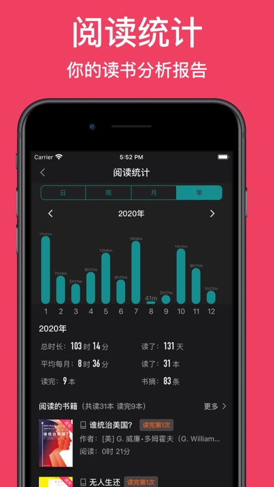 详细记录自己阅读状况,阅读时间、阅读类型、阅读天数、阅读进度、阅读偏好,轻松回溯自己过往的阅读状况;
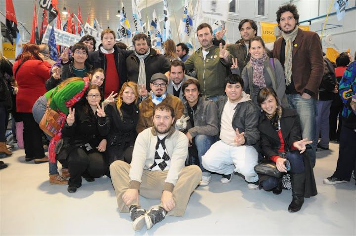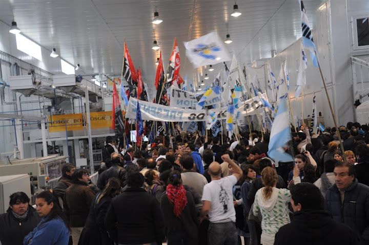 Cantando y bailando con gran emoción, las banderas celestes y blancas de La Cámpora inundaron la fábrica con el ritmo de la murga y las trompetas, que hicieron bailar a todos los presentes.
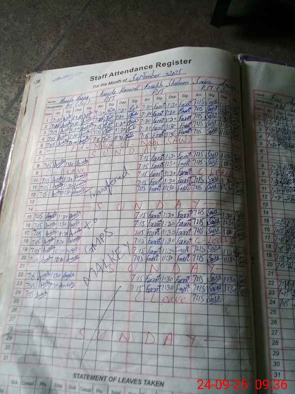 | CNIC | Full Name | Designation | R/C | Absence During Last Calender Month |
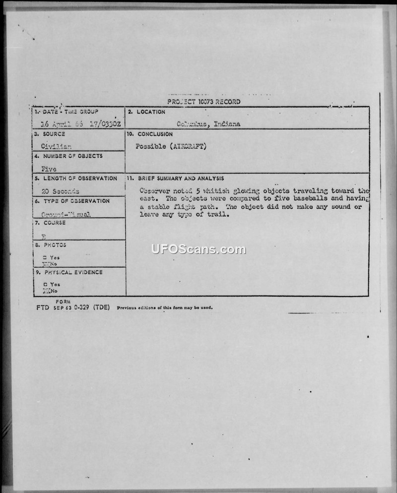 Project 10073 Record — Sighting Report, Columbus, Indiana, 16 April 1966
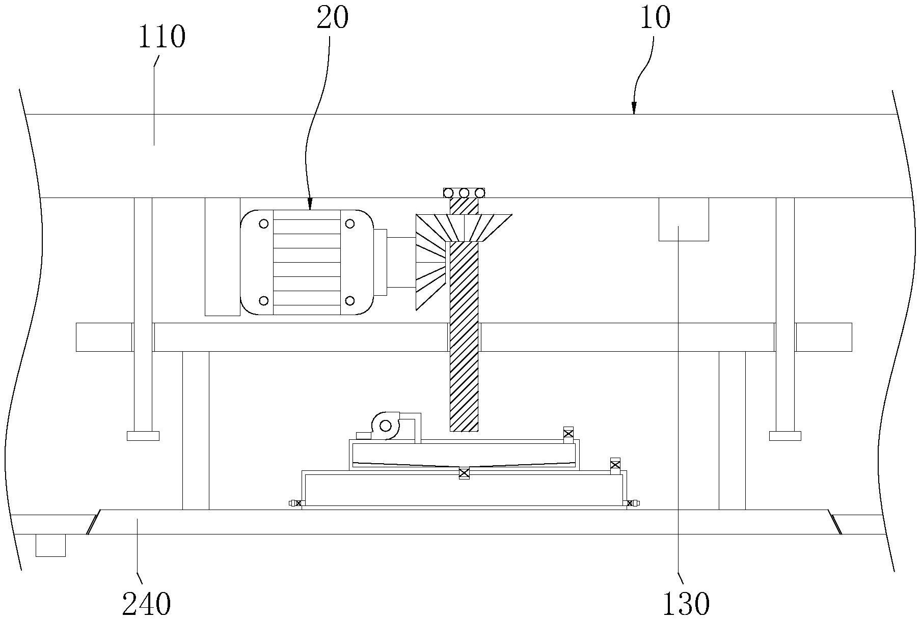本实用新型提供了一种具有防火功能的演播室系统,属于防火系统技术领域。该具有防火功能的演播室系统包括支撑机构和防火机构。所述支撑机构包括屋顶板、天花板、PLC控制器、导轨和烟雾传感器,所述天花板连接于所述屋顶板一侧,所述烟雾传感器安装于所述天花板一侧。本实用新型通过烟雾传感器、PLC控制器、电机、第一圆锥齿轮、第二圆锥齿轮、螺纹杆、滑板、支杆、吊板、硫酸铝箱、碳酸氢钠箱、第一电磁阀、风机和第三电磁阀、连接管和喷嘴的作用,从而达到了具有防火功能的目的,在电子设备因长时间使用,导致积累大量的热量和线路老化后,可增大电子设备周围二氧化碳含量,使电子设备不易燃烧,进行阻燃,不易造成经济损失。

**********

◆ **Exercise**
A picture must not appear in the copy. Transcribe exactly the lines from the one with "Project 10073 Record" through the final line of the entries, both included, and no more.

◆ **Solution to this task**
 Project 10073 Record — Sighting Report, Columbus, Indiana, 16 April 1966
本实用新型提供了一种具有防火功能的演播室系统,属于防火系统技术领域。该具有防火功能的演播室系统包括支撑机构和防火机构。所述支撑机构包括屋顶板、天花板、PLC控制器、导轨和烟雾传感器,所述天花板连接于所述屋顶板一侧,所述烟雾传感器安装于所述天花板一侧。本实用新型通过烟雾传感器、PLC控制器、电机、第一圆锥齿轮、第二圆锥齿轮、螺纹杆、滑板、支杆、吊板、硫酸铝箱、碳酸氢钠箱、第一电磁阀、风机和第三电磁阀、连接管和喷嘴的作用,从而达到了具有防火功能的目的,在电子设备因长时间使用,导致积累大量的热量和线路老化后,可增大电子设备周围二氧化碳含量,使电子设备不易燃烧,进行阻燃,不易造成经济损失。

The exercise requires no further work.